People at meeting

Positive attitudes and conduct make sport enjoyable for everyone. Some people can ruin the experience with poor behaviour.

This can include things like undue pressure, abuse, taunting, poor sportsmanship, foul language, harassment, bullying, victimisation and more.  It can be verbal, written, physical or emotional.

Poor behaviour can occur in many places - during play, on the sidelines, at training, in the clubhouse or outside of the sporting arena.

It can be coaches, players, parents, spectators, officials or administrators that behave poorly. Any one of these people, children or adults, can be the victim of poor conduct too.

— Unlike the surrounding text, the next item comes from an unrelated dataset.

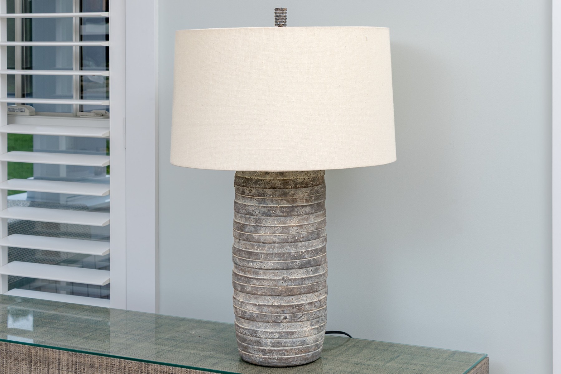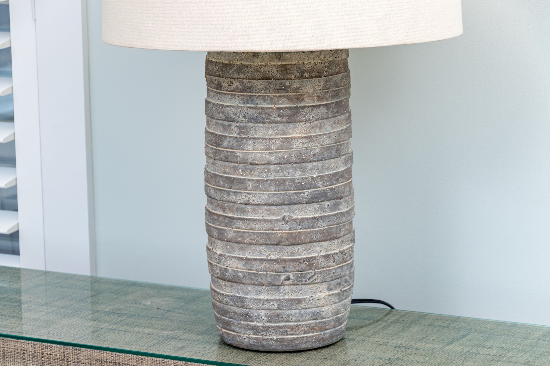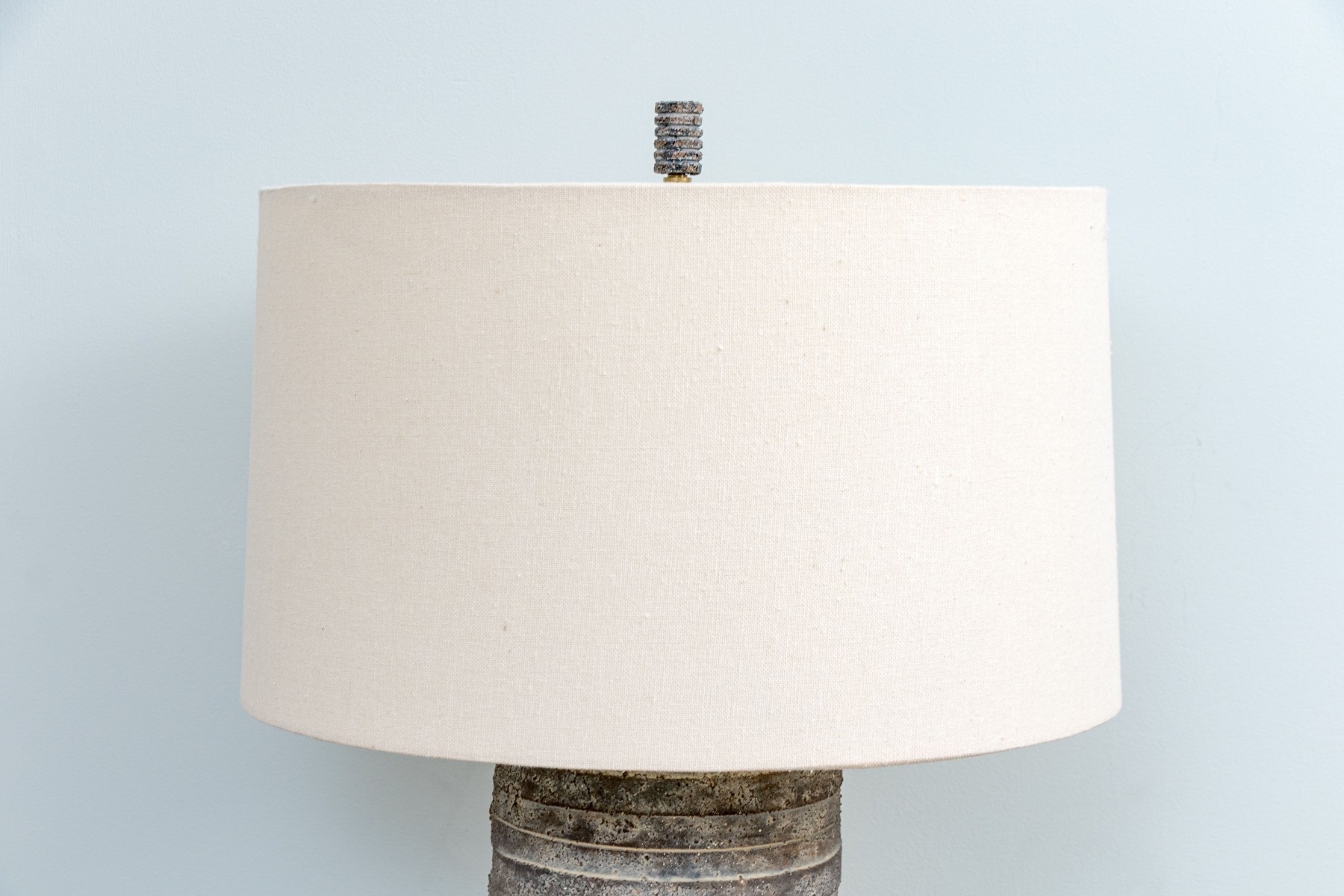 Ian Thornton for Currey and Company "Innkeeper" table lamp featuring a heavy terracotta column in a gray finish creating the appearance of stacked stone for a fabulous and versatile rustic flair. Surmounted by a cream drum shade with a matching finial.

Poor behaviour stems from a lack of respect. Showing respect is so important, particularly for young people. It's important to teach respect for coaches, team mates, officials and anyone else involved in your sport. Below, ABC sports broadcaster Paul Kennedy and his two friends Jack and Max, talk about the importance of respect:

Poor behaviour in sport results in:

  • Risks to people's wellbeing
  • Reduced enjoyment for everyone
  • Children and adults giving up sport
  • Fewer people willing to volunteer for coaching, officiating and other roles
  • Risks to clubs reputation and management

Preventing poor conduct and behaviour in sport requires a few keys steps:

  • Club committee's being prepared and knowing what to do
  • Everyone adopting a positive sporting attitude and accepting responsibility for their behaviour
  • Club committee's coaches and other leaders in sport can proactively educate their club to ensure this happens and that members understand issues such as discrimination and harassment. Here at Play by the Rules we have online courses and interactive scenarios that you can promote to members. 

The law

It is also important to note, that while your sport may set standards for behaviour, clubs always have a legal responsibility to address behaviour that offends community standards or is against the law (for example, racial vilification, sexual harassment, common assault). If you witness behaviour that you think may be illegal, you should report it to the police. Similarly, if a bad situation escalates and becomes dangerous, play should be suspended and the police may be required to intervene.